= Beginning of Section =

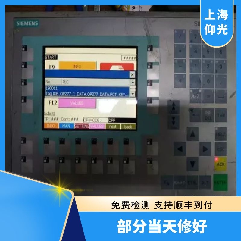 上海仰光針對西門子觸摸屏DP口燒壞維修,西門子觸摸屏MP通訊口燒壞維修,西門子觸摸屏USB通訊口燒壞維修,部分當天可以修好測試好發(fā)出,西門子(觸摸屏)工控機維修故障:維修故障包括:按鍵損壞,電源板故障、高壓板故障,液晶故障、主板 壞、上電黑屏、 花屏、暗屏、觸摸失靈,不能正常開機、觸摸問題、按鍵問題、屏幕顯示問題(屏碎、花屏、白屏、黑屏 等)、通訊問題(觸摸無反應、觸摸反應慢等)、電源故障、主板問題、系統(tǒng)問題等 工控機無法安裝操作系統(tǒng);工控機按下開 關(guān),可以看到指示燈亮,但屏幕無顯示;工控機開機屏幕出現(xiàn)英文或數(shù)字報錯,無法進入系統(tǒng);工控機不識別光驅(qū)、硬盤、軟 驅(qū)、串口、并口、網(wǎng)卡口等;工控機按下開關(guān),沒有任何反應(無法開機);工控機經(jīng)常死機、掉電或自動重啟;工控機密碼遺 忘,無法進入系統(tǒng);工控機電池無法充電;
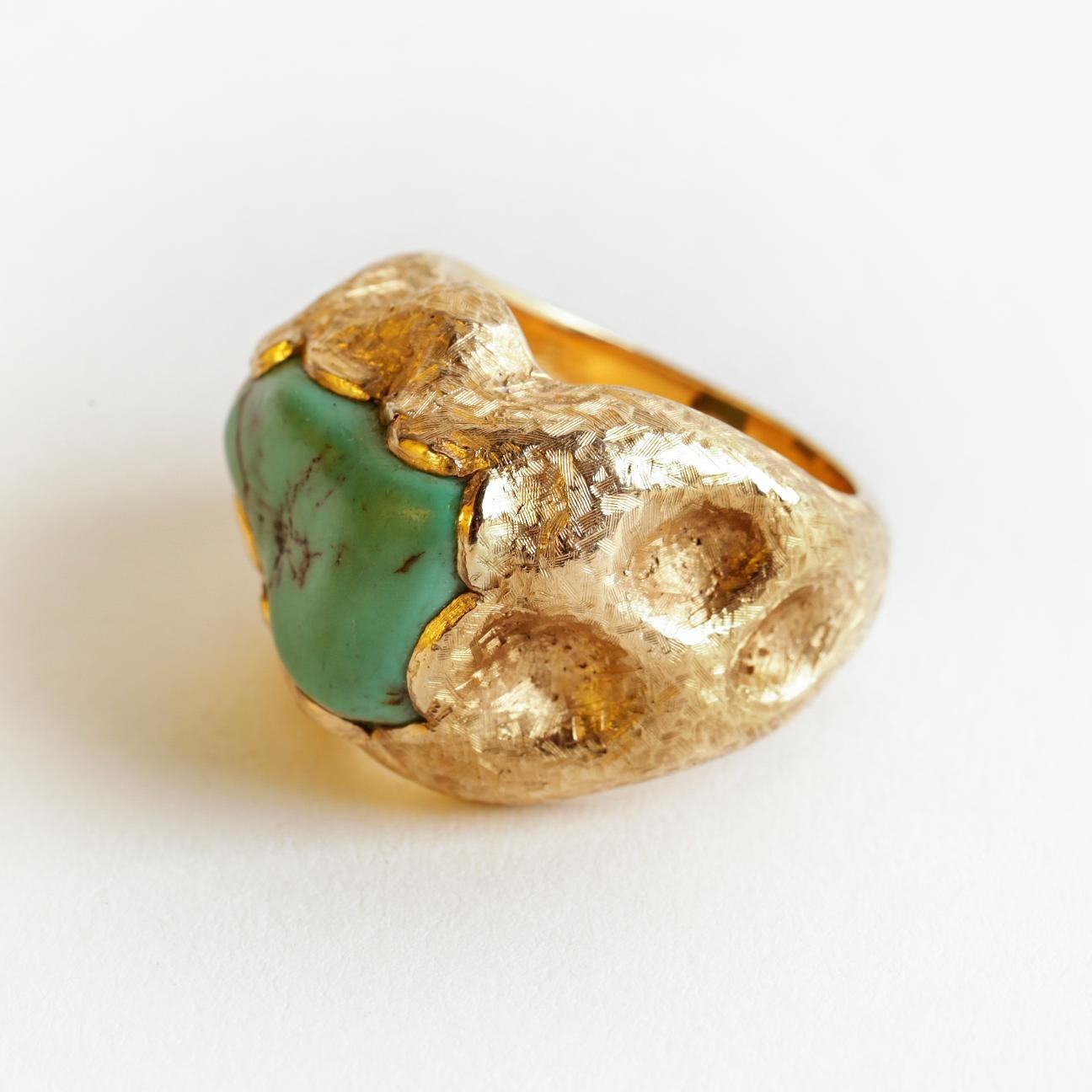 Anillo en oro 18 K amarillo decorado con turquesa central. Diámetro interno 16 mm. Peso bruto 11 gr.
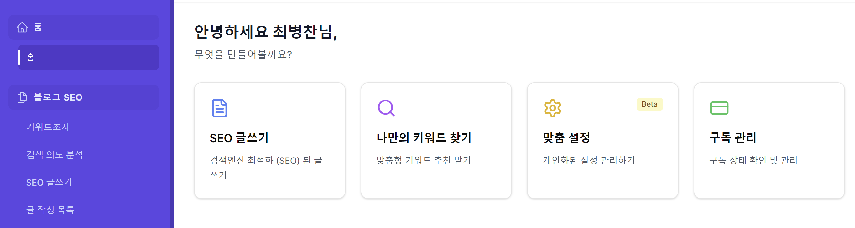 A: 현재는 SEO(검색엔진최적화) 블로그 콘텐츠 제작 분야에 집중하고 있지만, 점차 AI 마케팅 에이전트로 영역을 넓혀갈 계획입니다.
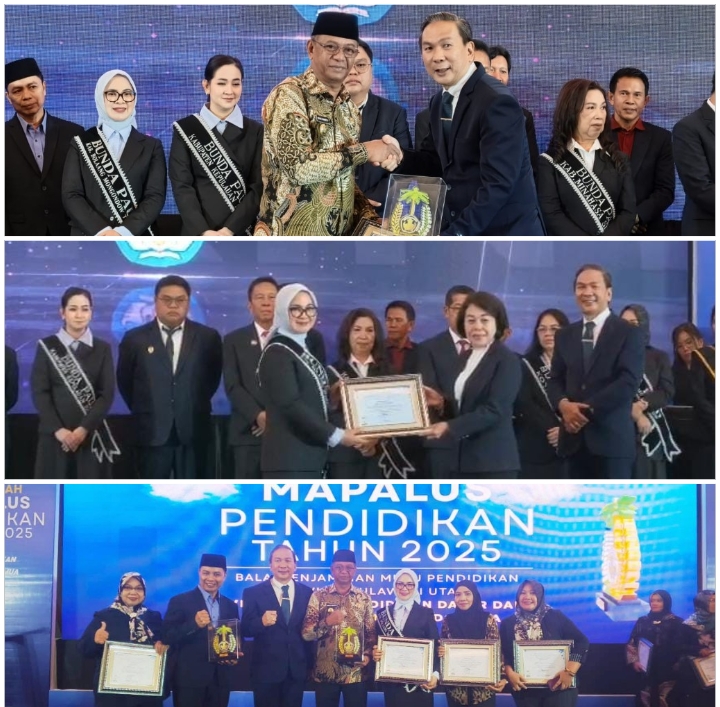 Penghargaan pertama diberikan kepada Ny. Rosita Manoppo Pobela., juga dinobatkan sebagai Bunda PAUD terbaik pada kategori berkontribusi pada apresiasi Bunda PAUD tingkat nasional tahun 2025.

= End of Section =
= Beginning of Section =

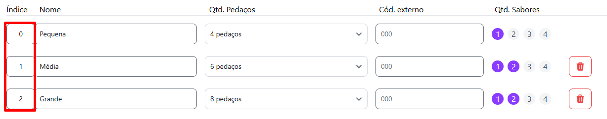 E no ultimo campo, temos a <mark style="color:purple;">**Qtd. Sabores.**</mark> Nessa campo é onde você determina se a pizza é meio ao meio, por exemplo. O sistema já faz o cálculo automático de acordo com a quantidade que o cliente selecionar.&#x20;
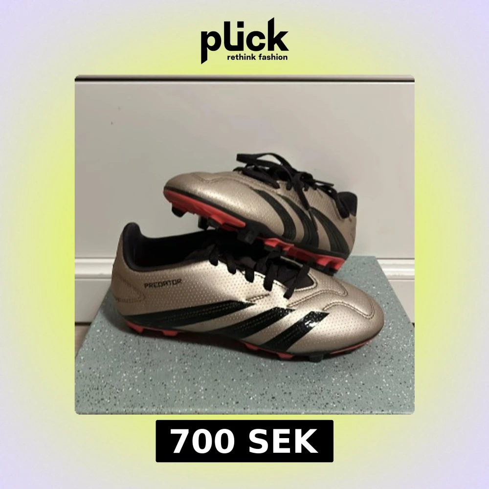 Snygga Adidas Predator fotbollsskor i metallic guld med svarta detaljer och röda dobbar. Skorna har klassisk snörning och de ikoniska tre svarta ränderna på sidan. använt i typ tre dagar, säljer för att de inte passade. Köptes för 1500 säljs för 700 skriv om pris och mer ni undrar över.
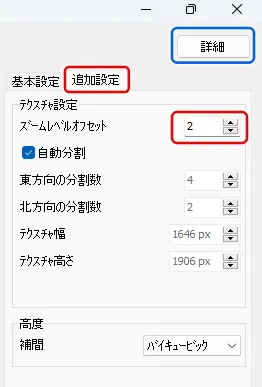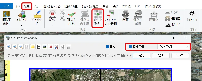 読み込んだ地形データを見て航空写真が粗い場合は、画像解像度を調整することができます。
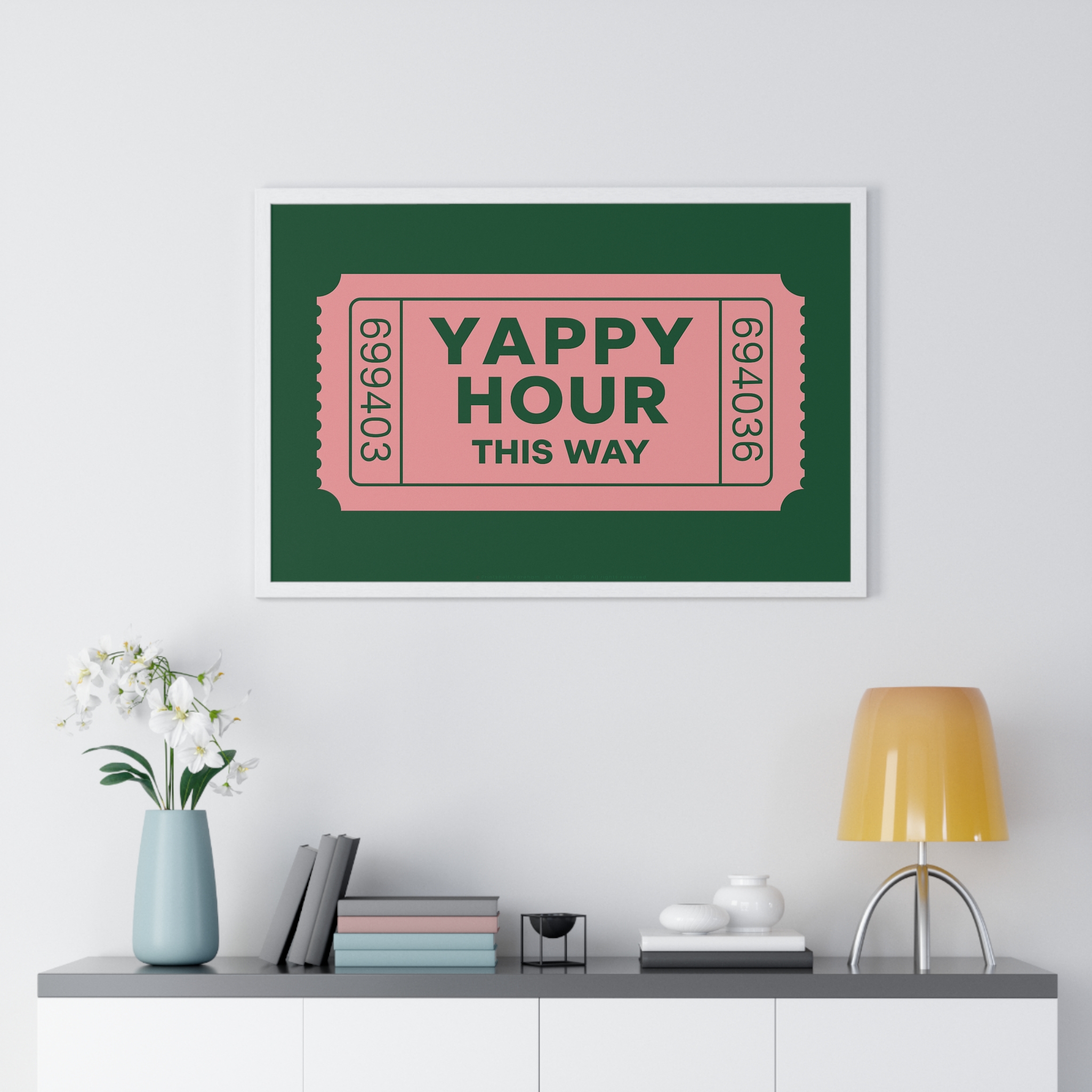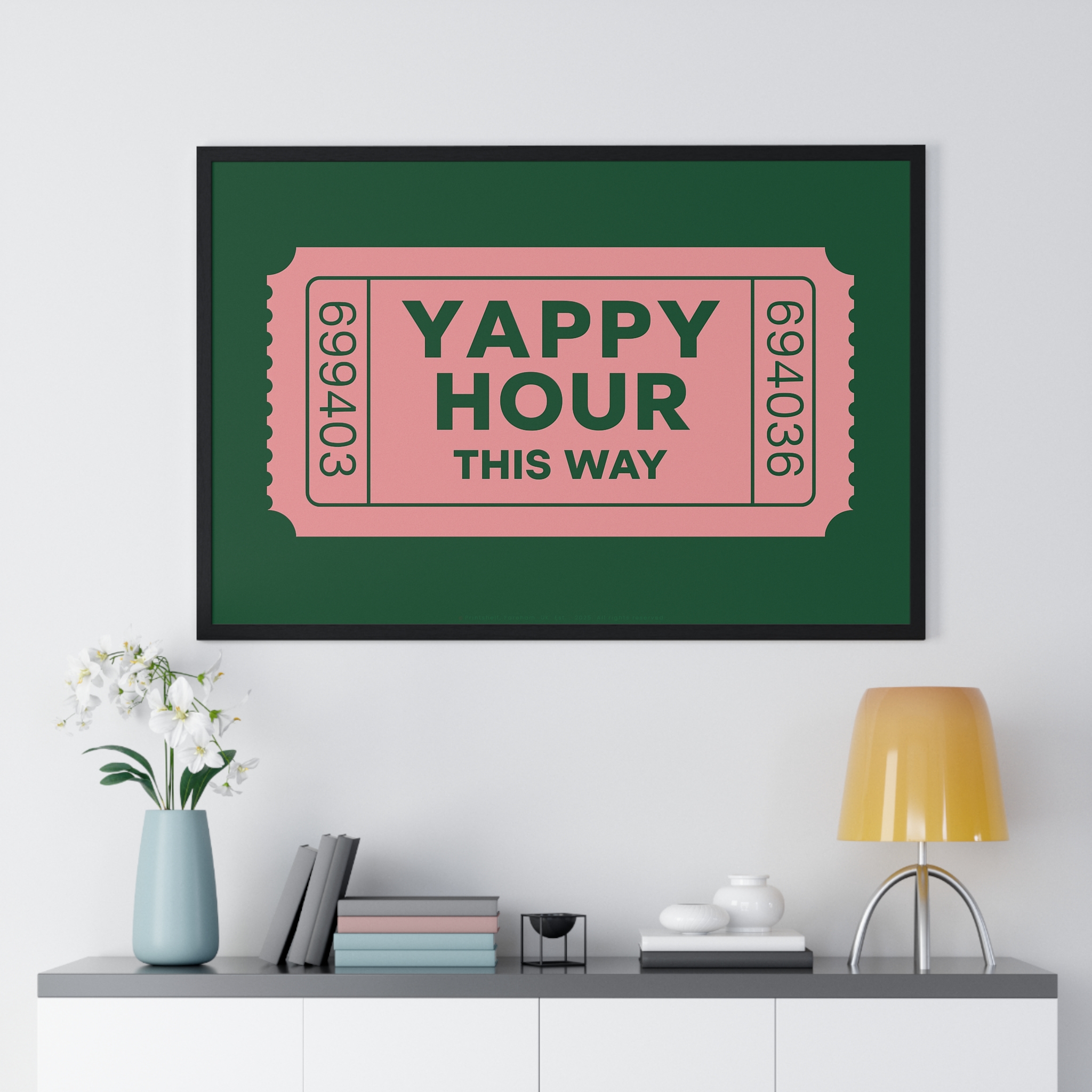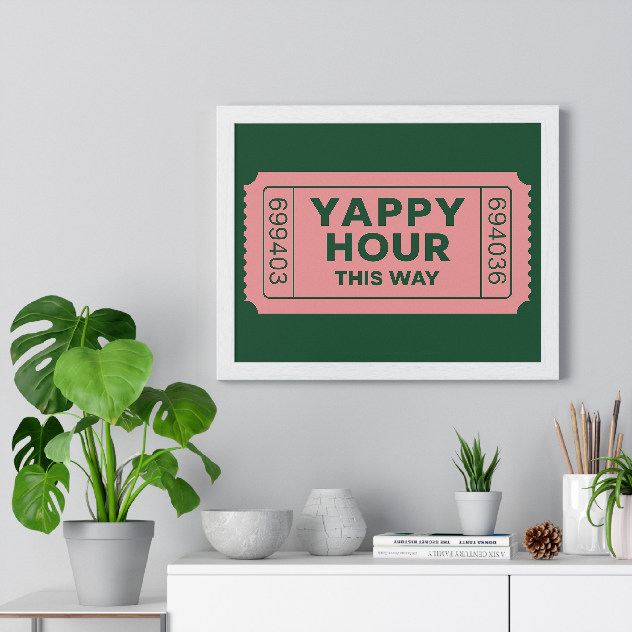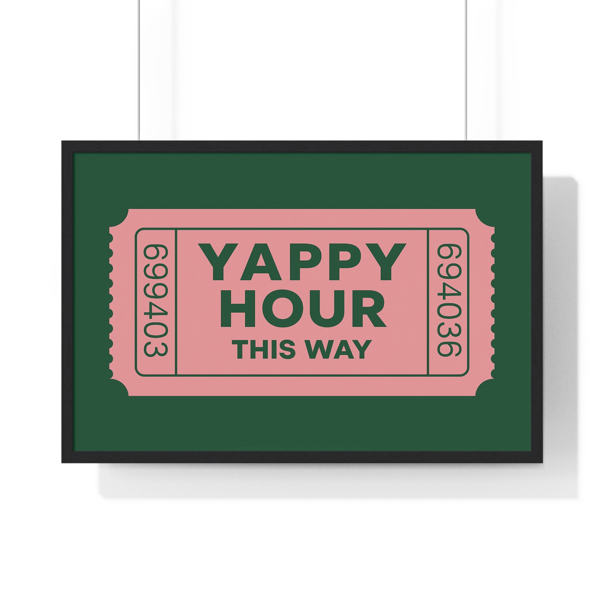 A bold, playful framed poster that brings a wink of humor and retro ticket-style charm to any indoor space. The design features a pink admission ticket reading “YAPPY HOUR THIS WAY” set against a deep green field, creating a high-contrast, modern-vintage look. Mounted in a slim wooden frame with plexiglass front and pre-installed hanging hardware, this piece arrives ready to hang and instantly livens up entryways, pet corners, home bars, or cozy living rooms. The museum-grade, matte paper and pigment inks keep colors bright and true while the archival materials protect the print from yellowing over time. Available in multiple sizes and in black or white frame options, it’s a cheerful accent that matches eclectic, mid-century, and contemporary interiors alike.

= End of Section =

* _The task_
For this task, return exactly the stretch of the listing above from the line with "E no ultimo" through the line with "読み込んだ地形データを見て航", inclusive and without pictures.

* _Written solution_
 E no ultimo campo, temos a <mark style="color:purple;">**Qtd. Sabores.**</mark> Nessa campo é onde você determina se a pizza é meio ao meio, por exemplo. O sistema já faz o cálculo automático de acordo com a quantidade que o cliente selecionar.&#x20;
 Snygga Adidas Predator fotbollsskor i metallic guld med svarta detaljer och röda dobbar. Skorna har klassisk snörning och de ikoniska tre svarta ränderna på sidan. använt i typ tre dagar, säljer för att de inte passade. Köptes för 1500 säljs för 700 skriv om pris och mer ni undrar över.
 読み込んだ地形データを見て航空写真が粗い場合は、画像解像度を調整することができます。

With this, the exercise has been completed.